The second novel was a murder mystery. Only a little was drawn from my life, and the canvas wasn’t so blank because mysteries have to be constructed in a certain way so they wind up being….. mysterious. Red herrings, false clues, buried truth. So the “rules” were comforting. But they were difficult, very difficult, to follow.

Like I said, pros and cons.

My most recent book is a travel memoir about five volunteer trips, each two months long, to the developing world. It’s not a travelogue: no recommendations for hotels or restaurants. Yes, it recounts experiences I had while traveling – some funny, some inspiring, some surprising, some sad. There was the time I was twenty feet from a silverback mountain gorilla with nothing between us except trees. Or the time I coached sex workers on their presentations to colleagues about the correct use of condoms. We used wooden props – use your imagination!

But the point of telling about these moments in the memoir is not necessarily, “This is great – you should do it too.” There’s a lot more. Character. Reflections. Truth. Certainly, the tools for writing fiction were also crucial for memoir: setting the scene with physical description, creating tension, using punchy dialogue. But making it all into a story was quite a hill to climb.

The strangest thing about having written a memoir, though, is realizing there are a whole lot of people out there who know some pretty intimate stuff about me. Not only do I not know intimate details about them, I don’t even know who they are!

When I’m speaking at a book store or library, this asymmetry is particularly disorienting.
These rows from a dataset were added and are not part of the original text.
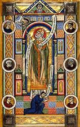 Keywords: Bernward.jpg de Hl Bernward inmitten seines Domes der Engel links oben übergibt ihm die Kreuzesreliquie Malerei auf Leder aus dem Stammheim-Messbuch Hildesheim ru святой Бе нвальд Хильдесхаймский Изоб ажение на коже молитвослов Святой в своём собо е ангел пе едаёт ему частицу Животво ящего К еста Господня Stammheim-Messbuch 1170 unbekannter Künstler PD-old-100 Bernward of Hildesheim posthumous objects MS 64 Getty museum - Stammheim Missal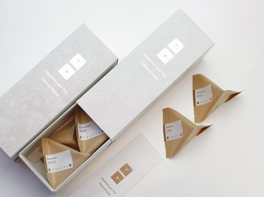 出し入れが簡単な引き出し式外箱の中に、 茶葉がそれぞれ三角テトラ型のパッケージに入っています。 シンプルなデザインでどなたにも喜ばれます。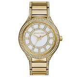 Glitz crystals and a mother-of-pearl dial add a glamorous touch to Michael Kors' gold-tone stainless steel Kerry watch.

And there’s irony, too: People in the audience, if they’ve read the book, know how uncomfortable I feel about public speaking, and yet here I am, speaking publicly. Through the looking glass, or should I say the one-way mirror?

I guess it’s like being naked when everyone else is clothed, aka EVERYONE’S WORST NIGHTMARE!!

  •     *     *     *

Carole Howard wrote Deadly Adagio, a mystery with a musical undertone set in West Africa, published by Indigo Sea Press.
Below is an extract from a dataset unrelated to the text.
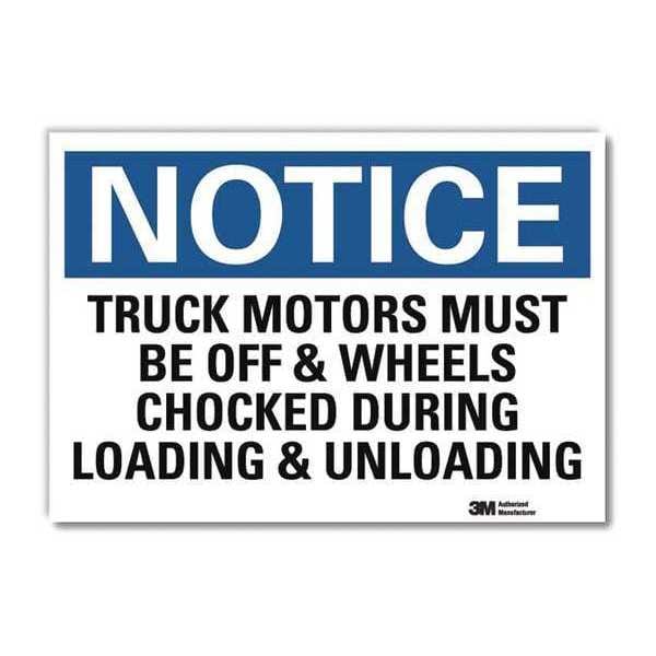 Notice Sign, 7 in H, 10 in W, Reflective Sheeting, Vertical Rectangle, English, U5-1582-RD_10X7SKU G2756428Categories SafetyDescription Notice Sign, Vertical Rectangle, Number of Printed Sides 1, English, Sign Format Traditional OSHA, Sign Legend Truck Motors Must Be Off & Wheels Chocked During Loading & Unloading, Sign Legend Background Color White, Sign Legend Style TextgraingerSKU: 34JY61, mscSKU: , zoro_no: G2756428, mongo_id: 65bbe85f9a749db822789c9d

Filed under fiction, music, musings, Travel, writing

5 responses to “The One-Way Mirror, by Carole Howard

  1. Interesting take on speaking about one’s work, Carole. I never really thought of my expressed vulnerability in a talk as, “…being naked when everyone else is clothed, aka everyone’s worst nightmare.” I’ve always found that people can relate better to an author if they can see something in them that is “human” and maybe even vulnerable. So what you may believe is weakness or a trait not so desirable, to others, often is something to be admired or something that would cause your readers to root for you. I can remember early on when I gave a talk, I was so nervous, I could hear my voice quiver. I was embarrassed and humiliated, but I kept going. Afterward, lots of people rushed to my side to congratulate me for hanging in there, to support me and compliment me. I was so shocked by this, my fear left me, and I’ve been able to give talks since then that I’ve enjoyed immensely. I imagine you are a wonderful speaker, you just may not know it yet.
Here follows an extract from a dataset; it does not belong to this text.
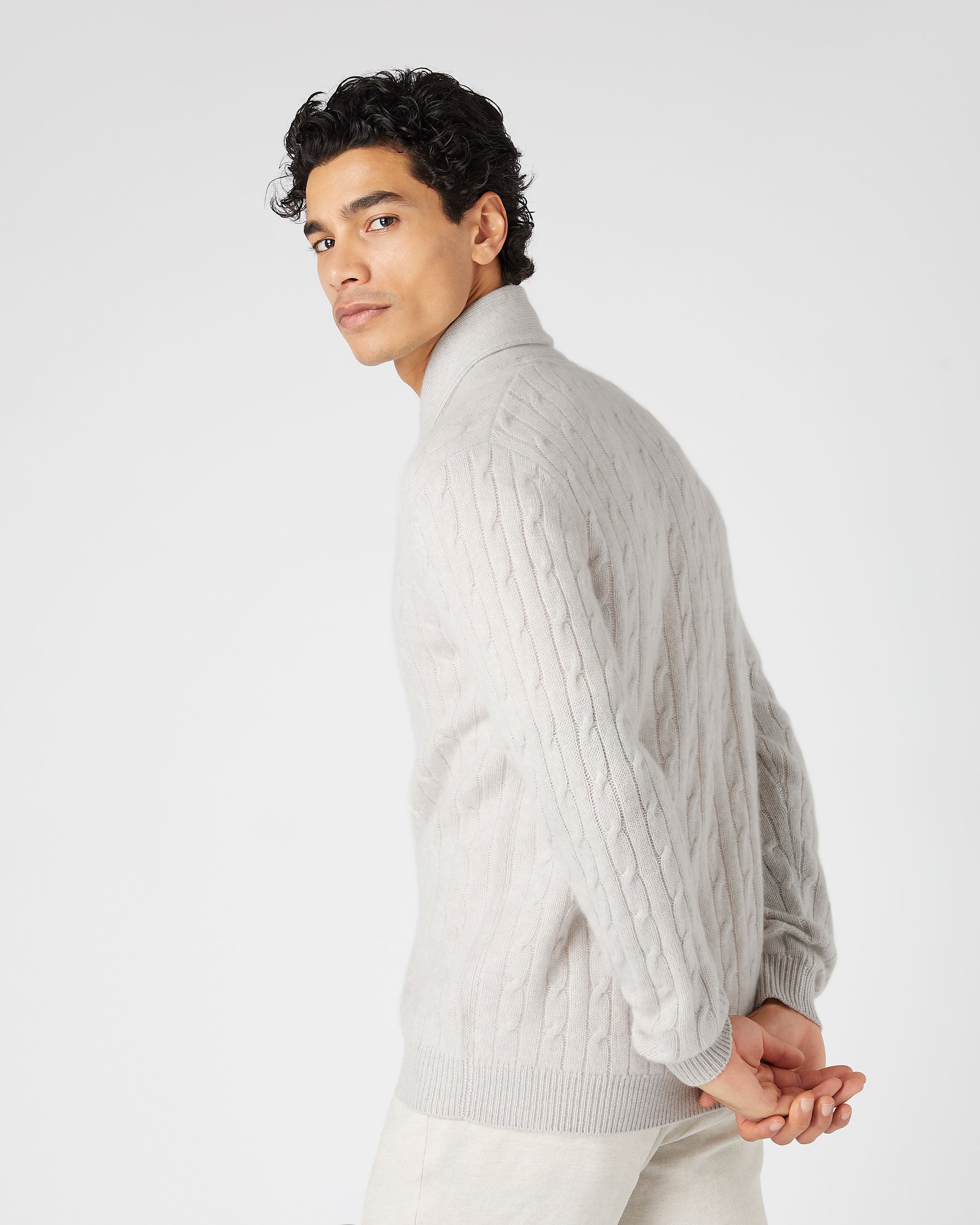 Men's Garrick Shawl Cable Cashmere Cardigan In Pebble Grey

    • Thanks for the moral support, Coco. I’ve done a lot of public speaking and am confident I do a good job (well, after the first 10 minutes, anyway), and yet I’m not comfortable with it. Same with flying: I’ve done a whole lot, and still don’t like it. But it’s not talking about my book that makes me feel naked, it’s that some of the people to whom I’m talking have already read the book — and they’re the ones who know a whole lot about me.

  2. I loved reading this. I’m sure I’d love listening too. And the memoir sounds really cool.

  3. Great viewpoint indeed! I appreciate you sharing your wisdom and comparison to music – especially the violin and piano and I certainly agree with how complicated weaving a musical tale can be.

    Congratulations on finding your voice and merging it with your strengths!